In recent decades, the clinical treatment of HOS has entered the plateau stage, with poor therapeutic effects and poor prognosis, especially for those with metastases. There have been some studies on the clinical prognosis of HOS, but due to a single evaluation factor or the small sample size, the clinical application was affected. To improve the survival rate, we comprehensively evaluated the potential prognostic valuation of some routine laboratory variables for the OS of HOS and successfully developed an optimal prognostic nomogram model to predict the 5-year OS. To our knowledge, this is the first study to develop a nomogram model to predict the survival probability of Chinese HOS patients using the most comprehensive baseline laboratory testing indicators.

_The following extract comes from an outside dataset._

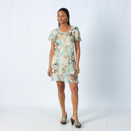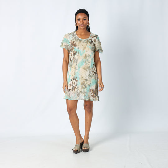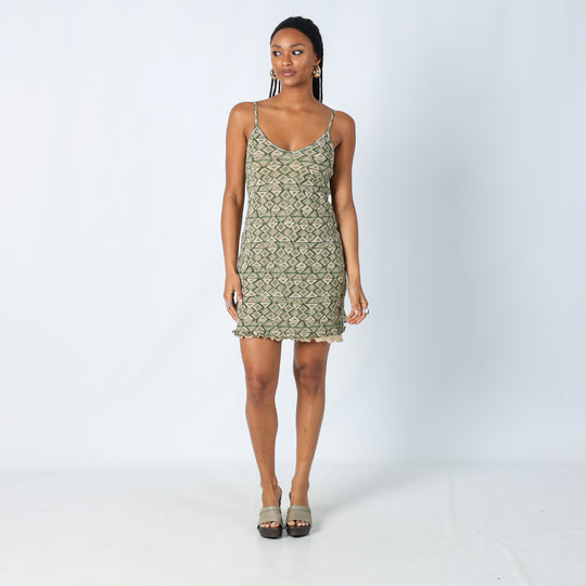 Khaki Green 90s PHARD Printed Woven Mini Dress (S)

In our cohort, the 5-year OS was 20.3%, while for the non-metastasis patients, the 5-year OS was 52.1%. The survival rates of the non-metastasis patients in China were generally consistent with those reported in other countries. In 2012, the European intergroup osteosarcoma study reported that the 5-year OS was 56% in 1067 localized HOS patients younger than 40 years old. In 2001, the Rizzoli Institute identified that the 8-year survival rate was 59% for 300 non-metastatic osteosarcoma patients21. In the past 30 years. The survival rate of HOS patients in China has improved, especially for patients without distant metastasis4. The prognosis of patients with metastasis is relatively poor in the later stage. Overall survival for all subjects was slightly lower than in other studies, probably because of the few patients without distant metastases in our study. Patients with distant metastases are the current treatment challenge, as in other countries. In our study, the metastasis rate was 61%. Of these, 34.7% had metastasized at the time of first diagnosis, and 62.7% had metastases within 2 years after diagnosis, which was slightly higher than the values reported by other investigators. Thus, this finding reflected that there was a high proportion of patients with microscopic tumour spread at diagnosis among our patient population. A previous study suggested that patients with metastasis at initial diagnosis and multiple modules were associated with poorer prognosis than patients with solitary metastatic nodules. Eleuterio et al.22. reported that the 5-year OS of metastatic and non-metastatic children was 11.9% versus 57.4%, respectively. The above data analysis showed that compared with patients in other countries, the tumour-related survival of Chinese HOS patients was comparable, but the rate of metastasis was relatively higher. Based on these findings, we believe that distant metastasis is one of the strongest risk factors for poor clinical prognosis in Chinese HOS patients. It is important to explore the mechanism of metastasis.

Routine laboratory markers have been widely used to predict clinical survival and long-term prognosis in various cancers. It is noteworthy that, for the first time, we systematically analysed the relationship of 17 haematological variables and 48 serum biochemistry variables with the outcome of HOS patients. We confirmed that nine risk factors were significantly related to poor survival of HOS, including tumour stage, surgical strategy, metastasis, postoperative metastasis time, failure to complete preoperative neoadjuvant chemotherapy, TSGF, MCV, GGT and CREA. In the clinic, elevated serum levels of ALP and LDH are used by surgeons in the diagnosis of osteosarcoma. In our results, serum ALP and LDH were found to be of significance importance in the univariate analysis, but they lost significance after multivariate analysis. The possible cause was that risk factors such as serum TSGF, MCV, GGT and CREA were more effective in predicting mortality than serum ALP and LDH.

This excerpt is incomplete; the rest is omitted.